Little Port man refused a nap today. It should be an interesting evening.

Oh, and just for record sake, some crazy yahoo intentionally flew a jet into one of the office buildings right down the street from Hubby's office today. Before he did this horrible thing, he set his own house on fire, and left some rambling manifesto on his website explaining why he did what he did.

My prayers go out to all involved, from the pilot to the onlookers who will be forever affected by this tragedy. Suicide is such a selfish act. It leaves so much heartache and mental suffering in it's wake.

And with that I leave you with even more poop. The real kind this time - poor little Port had a massive, blow out poopy diaper this evening. He was eating his dinner and it leaked out and he accidentally got it on his hands. Poor little guy came into the kitchen all scrunchy faced and frantically trying to wipe it off. I, having no idea what had happened, fetched a wet napkin and started to clean him up (I thought he just got some pear on his hands or something). When I realized what I was cleaning I took him to the bedroom to change him. I discovered that he was absolutely covered in it, and it was. freaking. him. out. He did not like it one bit!

It was quite traumatic getting him cleaned up, and he still fussed for a few minutes after, as if he was unsure I had done a good job. I told Hubby that, while I hate that he was traumatized by the whole thing, I was so happy he was traumatized! I am just thankful he found it repulsive and not fun. I don't need any more "painters" in my house!

You're welcome. ;-)

Until,
D :)

Friday, February 12, 2010

Hallelujah


Hey there Company Girls!
I am sitting here at the computer (shocker, I know) playing with all my new friends on Twitter and watching the Olympic Games Opening Ceremonies. (talk about a roller coaster ride - one minute I am snoozing {Peter Pan anyone?} and the next I am moved {KD Lang, Hallelujah - if you didn't hear it, look for the youtube vid when it comes out. GORGEOUS!}, then I just want to make it stop {I love opera, but...}...mercy! lol) Anyway, I wanted to get a quick post out to say hi and check in with you all.

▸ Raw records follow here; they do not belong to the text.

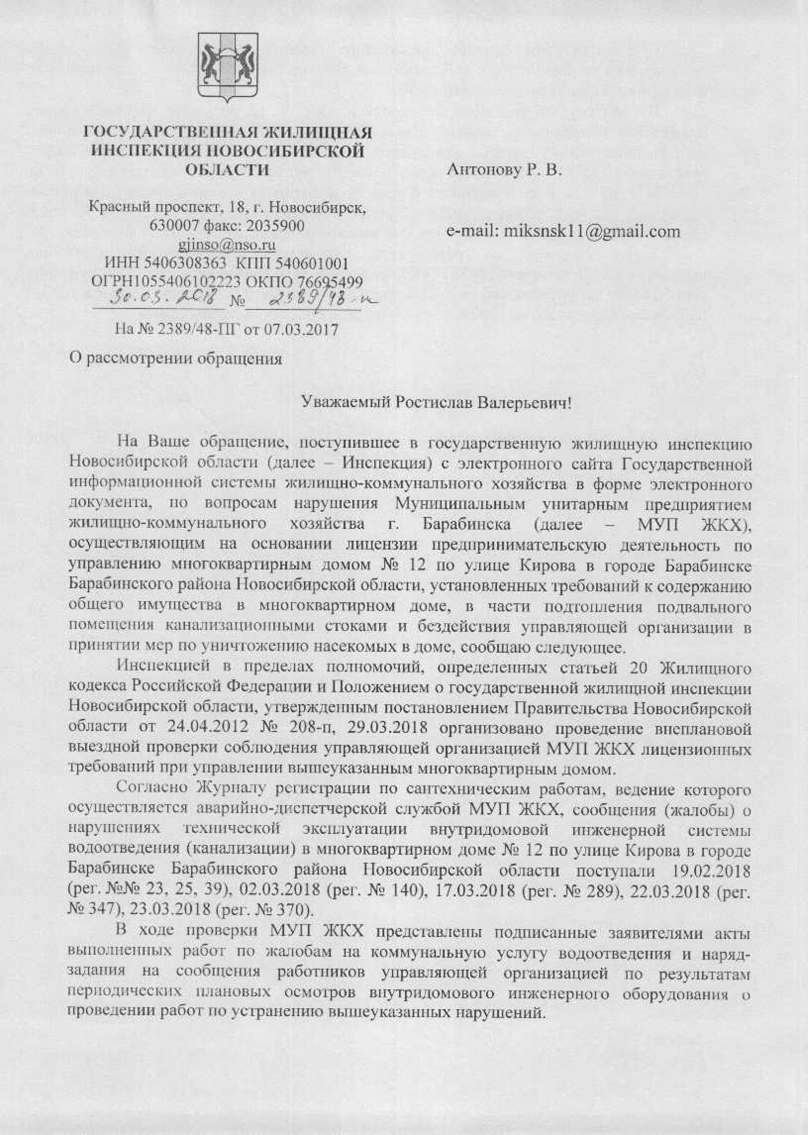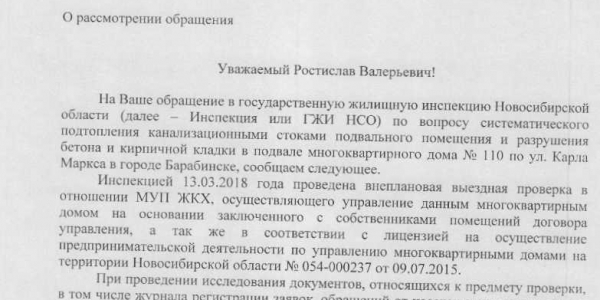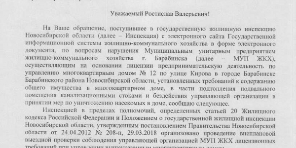Номер жалобы:35656 Тип жалобы:Иные проблемы ЖКХ Название объекта:Муп Жкх Регион:Новосибирская область Город:Барабинск Адрес:ул. Кирова, 48 Описание жалобы:В подвале с нового года текут канализационные трубы, сейчас полный подвал воды. Статус:
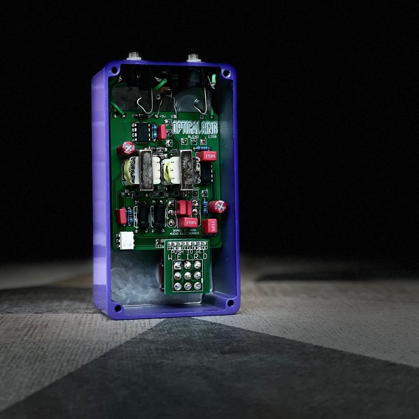 The optical ring is a unique and dynamic ring modulator. With a carrier frequency created by an internal optical theremin, and modulated by clipping LEDS, the sound can warp based on your attack. It has three controls: ring (a blend between fuzz and ring modulation), output (volume), and frequency (sets the pitch of the theremin oscillator). In addition, a gain toggle effects fuzz character and ring mod threshold, and a shift toggle opens up traditional robot-like ring modulation, glitchy fuzz, or stuttering tremolo sounds.
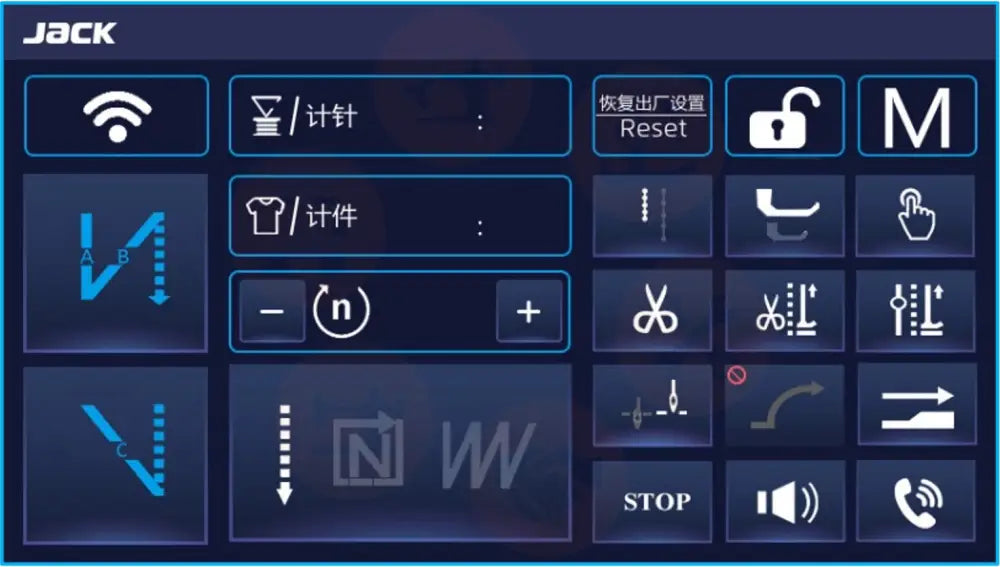 Voice guide and icons promptly,quickly and easily activate or deactivate functions such as backtack, presser foot lifter, thread trimmer and much more. Furthermore, by long pressing the button is possible to enter in function setting interface.
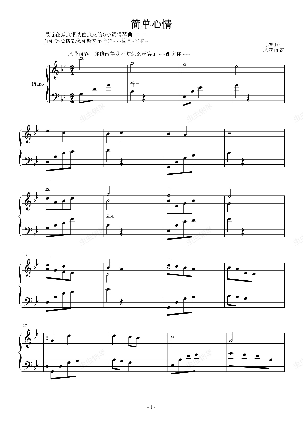 钢琴谱:简单心情
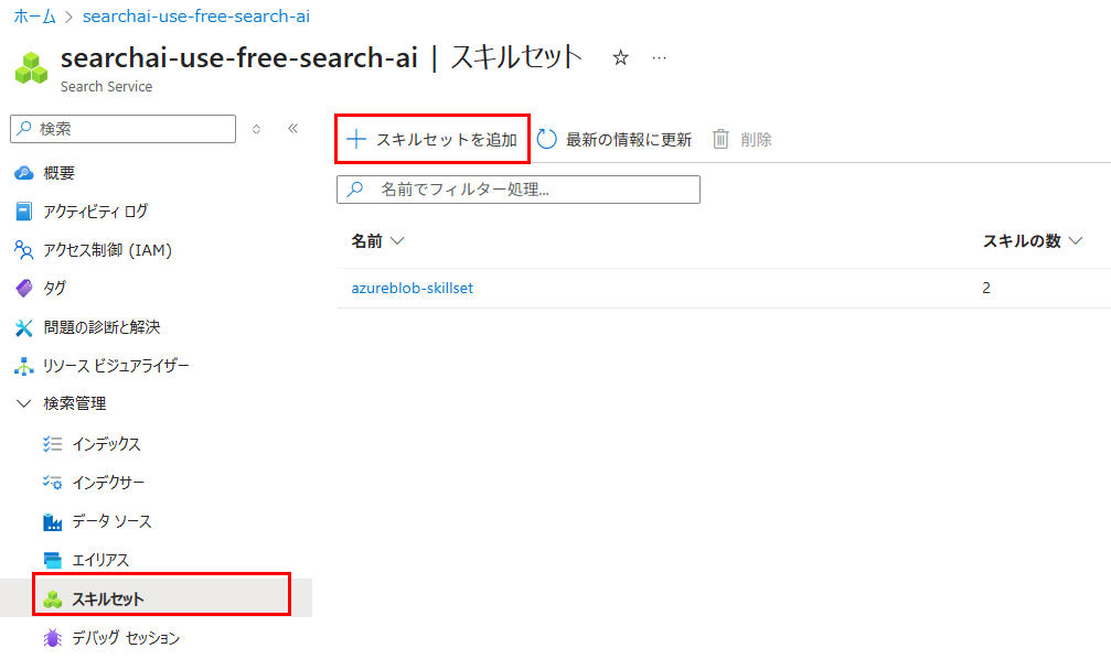 AI Searchリソース管理画面から、「+ スキルセットを追加」を押下

Rachel Anne's little homemade coffee pot cracked me up! That's my girl! Don't let anything keep you from your morning caffeine injection. I'll have to remember that the next time we wake up without power.

I hope everyone is staying warm and dry during all this snow business. We haven't received any here; just a lot of sleet, rain and general muck. I am so tired of the cold. Thankfully the sun came out today for a few hours, and I was able to get out with the boys and run an errand. We hit Sonic's happy hour so I could let the van run for a little bit. The battery that we bought a few months ago for some reason isn't holding a charge anymore, and every time I get in it and start it up it is a struggle to get it to turn over. It will charge up if I drive it for a while, but if it sits overnight or for a couple of days I can barely get it started the next time we load up. That's not a fun thing when it takes so long to get everyone in the car in the first place. Thankfully it hasn't left us stranded yet, but something needs to be done soon. I was going to see if I could get it replaced at Walmart (they installed it) when we went today, but I guess we arrived at just the wrong time because the automotive area was PACKED. So, Hubby will be toting it up there this weekend sometime.

So I got a decent amount of sun on my face today. I am determined to soak up as much as I can this weekend. 2 weeks of dreary, rainy, cold days just about did me in. Can you say moody? I got my package from the garden supply, and it is just sitting here, unopened, waiting for spring weather. It makes me so sad every time I see it. I want to plant my garden NOW!! :(

I found an old video of Kiddo on our computer the other day. I have been trying to upload it to my blog for days, but it keeps messing up. I may have to edit it so I can get it on here. It is from when he was about 10 months old, and includes the clip of his first steps!! I still can't believe I caught that on tape. As soon as I can figure it out I will post it.

I have so much going on right now - I don't know if I am ever going to catch up. But it is all good and I trust that God's hand is in all of it. I am just hoping my patience can last through it.

I hope you all have a wonderful weekend. Thanks for having coffee with me!

Until,
D :)

Here is KD singing it at the Juno awards - turn up your speakers!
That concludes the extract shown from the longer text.